PROBLEM :: Below are some entries. Transcribe the lines from the one holding "Participants take part" to the one holding "In a bowl (off", inclusive, but not the pictures among them.

___ MATERIAL SUPPLIED ___

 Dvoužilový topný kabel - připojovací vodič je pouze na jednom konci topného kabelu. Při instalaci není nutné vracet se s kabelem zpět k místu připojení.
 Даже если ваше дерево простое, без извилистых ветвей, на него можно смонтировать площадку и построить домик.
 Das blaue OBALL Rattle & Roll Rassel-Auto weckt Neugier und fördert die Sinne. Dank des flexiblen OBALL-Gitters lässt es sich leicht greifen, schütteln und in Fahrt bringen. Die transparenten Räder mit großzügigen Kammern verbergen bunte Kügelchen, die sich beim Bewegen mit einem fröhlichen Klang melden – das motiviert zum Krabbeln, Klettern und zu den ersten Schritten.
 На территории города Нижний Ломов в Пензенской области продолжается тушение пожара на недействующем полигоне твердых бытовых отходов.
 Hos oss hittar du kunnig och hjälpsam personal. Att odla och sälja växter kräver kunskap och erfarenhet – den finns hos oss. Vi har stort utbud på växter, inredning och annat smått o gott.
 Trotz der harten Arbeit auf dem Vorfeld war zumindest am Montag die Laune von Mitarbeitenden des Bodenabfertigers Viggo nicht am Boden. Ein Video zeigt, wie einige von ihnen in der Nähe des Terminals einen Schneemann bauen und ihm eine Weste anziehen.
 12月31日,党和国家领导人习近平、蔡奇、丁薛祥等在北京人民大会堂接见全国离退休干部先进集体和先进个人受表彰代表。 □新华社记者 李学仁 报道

___
___ MATERIAL SUPPLIED ___

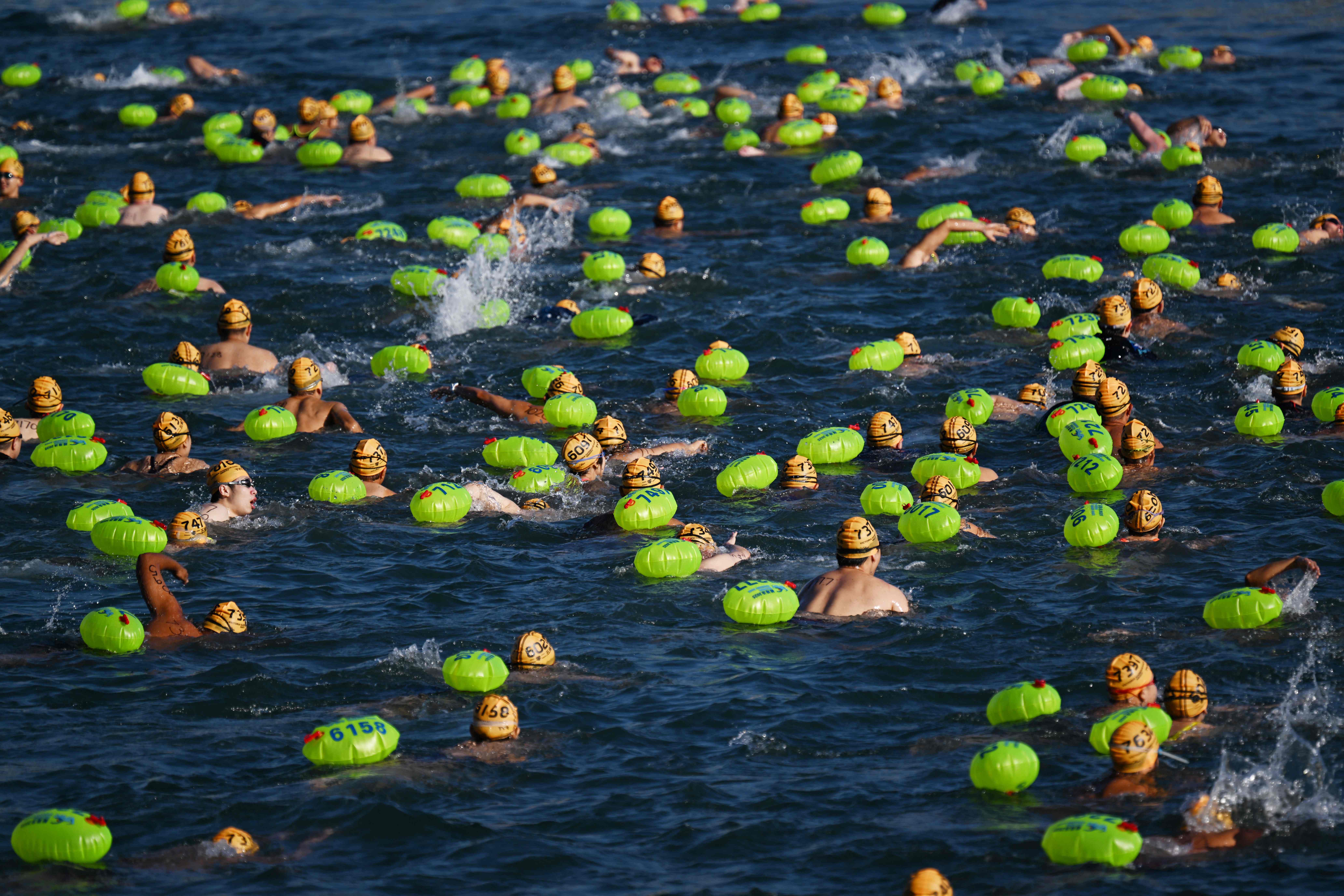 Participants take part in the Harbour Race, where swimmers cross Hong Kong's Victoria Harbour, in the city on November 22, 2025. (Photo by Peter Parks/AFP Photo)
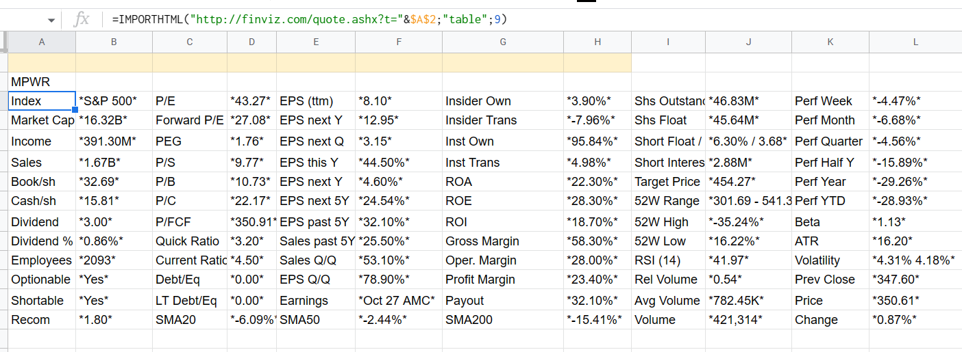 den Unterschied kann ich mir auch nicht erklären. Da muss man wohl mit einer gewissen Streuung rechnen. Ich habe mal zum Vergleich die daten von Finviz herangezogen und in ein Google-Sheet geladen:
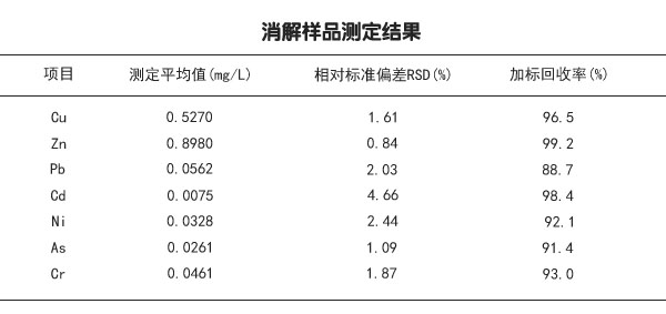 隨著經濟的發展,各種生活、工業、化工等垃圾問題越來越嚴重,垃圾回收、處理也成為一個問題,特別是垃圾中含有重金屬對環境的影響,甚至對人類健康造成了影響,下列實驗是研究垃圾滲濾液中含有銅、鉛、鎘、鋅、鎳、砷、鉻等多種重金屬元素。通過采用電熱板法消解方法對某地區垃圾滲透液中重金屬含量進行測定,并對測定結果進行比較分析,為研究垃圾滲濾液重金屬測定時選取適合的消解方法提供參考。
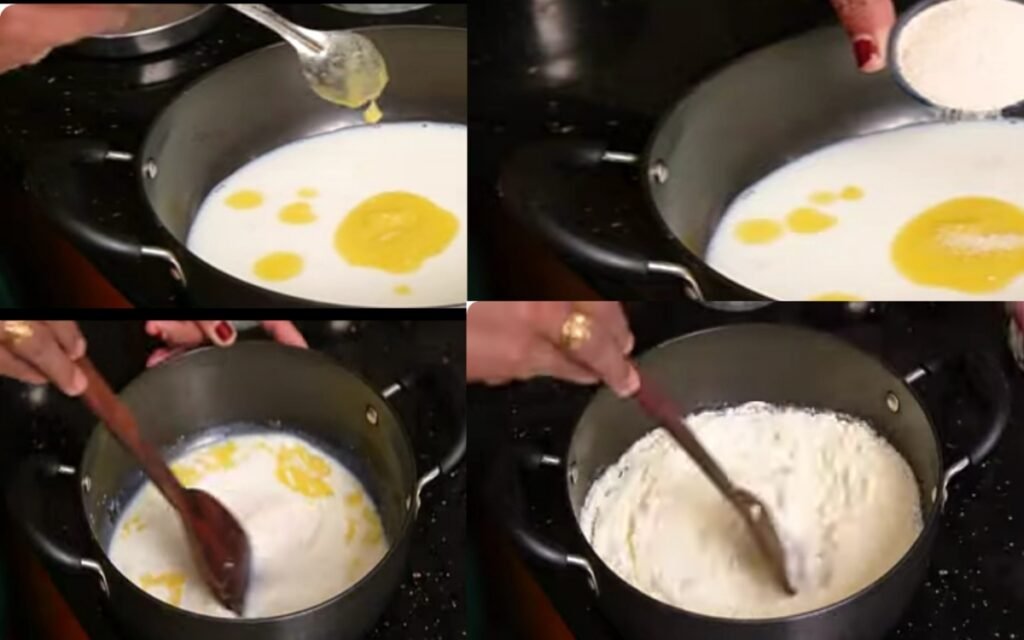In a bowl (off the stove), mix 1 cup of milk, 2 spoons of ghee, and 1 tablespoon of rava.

___
___ MATERIAL SUPPLIED ___

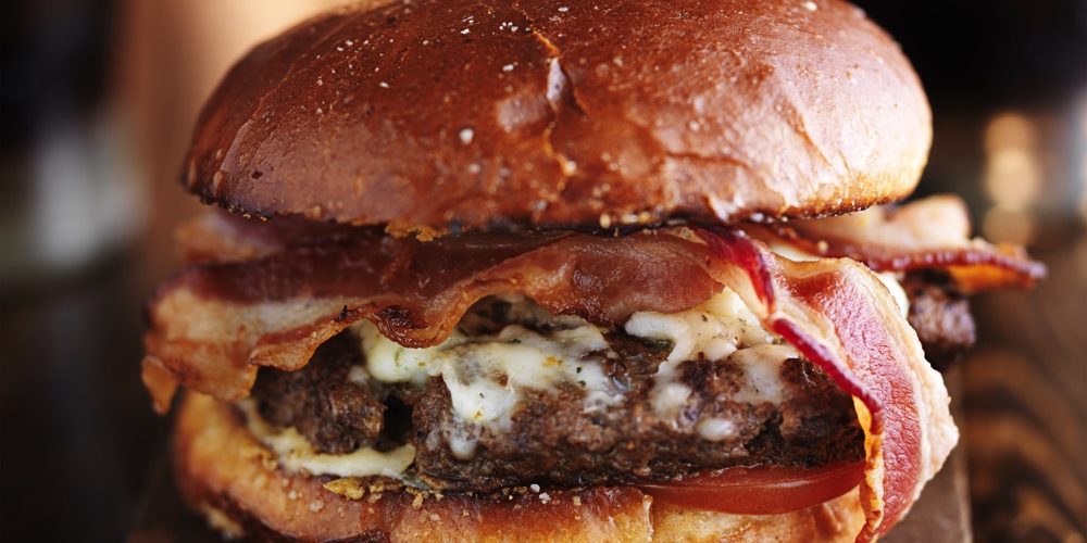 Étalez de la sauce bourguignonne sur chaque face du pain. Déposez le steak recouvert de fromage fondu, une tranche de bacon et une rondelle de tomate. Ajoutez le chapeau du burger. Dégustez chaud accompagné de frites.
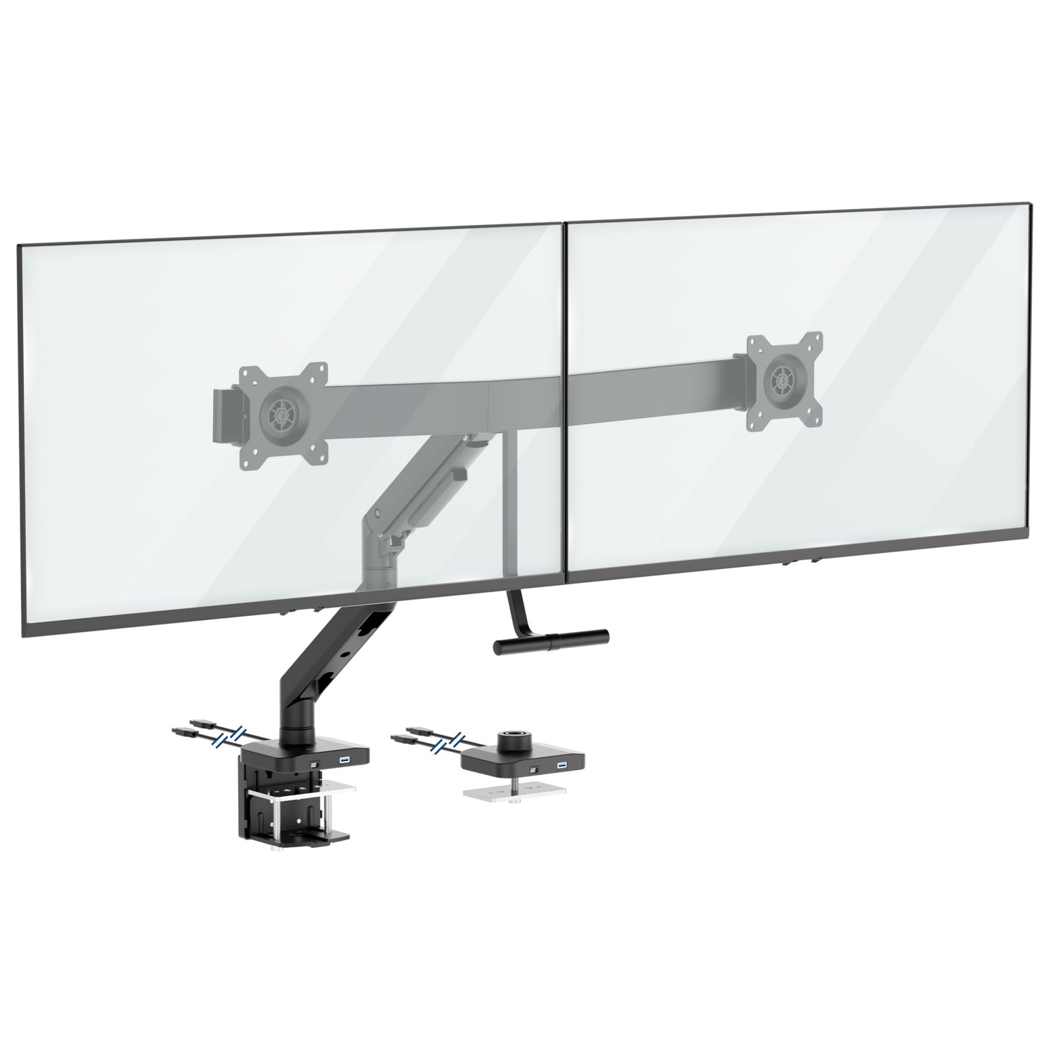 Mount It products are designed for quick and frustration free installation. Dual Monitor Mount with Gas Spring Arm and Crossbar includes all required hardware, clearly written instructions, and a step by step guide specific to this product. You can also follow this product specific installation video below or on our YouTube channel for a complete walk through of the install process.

___

SOLUTION FOR THIS EXERCISE ::
 Participants take part in the Harbour Race, where swimmers cross Hong Kong's Victoria Harbour, in the city on November 22, 2025. (Photo by Peter Parks/AFP Photo)
 den Unterschied kann ich mir auch nicht erklären. Da muss man wohl mit einer gewissen Streuung rechnen. Ich habe mal zum Vergleich die daten von Finviz herangezogen und in ein Google-Sheet geladen:
 隨著經濟的發展,各種生活、工業、化工等垃圾問題越來越嚴重,垃圾回收、處理也成為一個問題,特別是垃圾中含有重金屬對環境的影響,甚至對人類健康造成了影響,下列實驗是研究垃圾滲濾液中含有銅、鉛、鎘、鋅、鎳、砷、鉻等多種重金屬元素。通過采用電熱板法消解方法對某地區垃圾滲透液中重金屬含量進行測定,并對測定結果進行比較分析,為研究垃圾滲濾液重金屬測定時選取適合的消解方法提供參考。
In a bowl (off the stove), mix 1 cup of milk, 2 spoons of ghee, and 1 tablespoon of rava.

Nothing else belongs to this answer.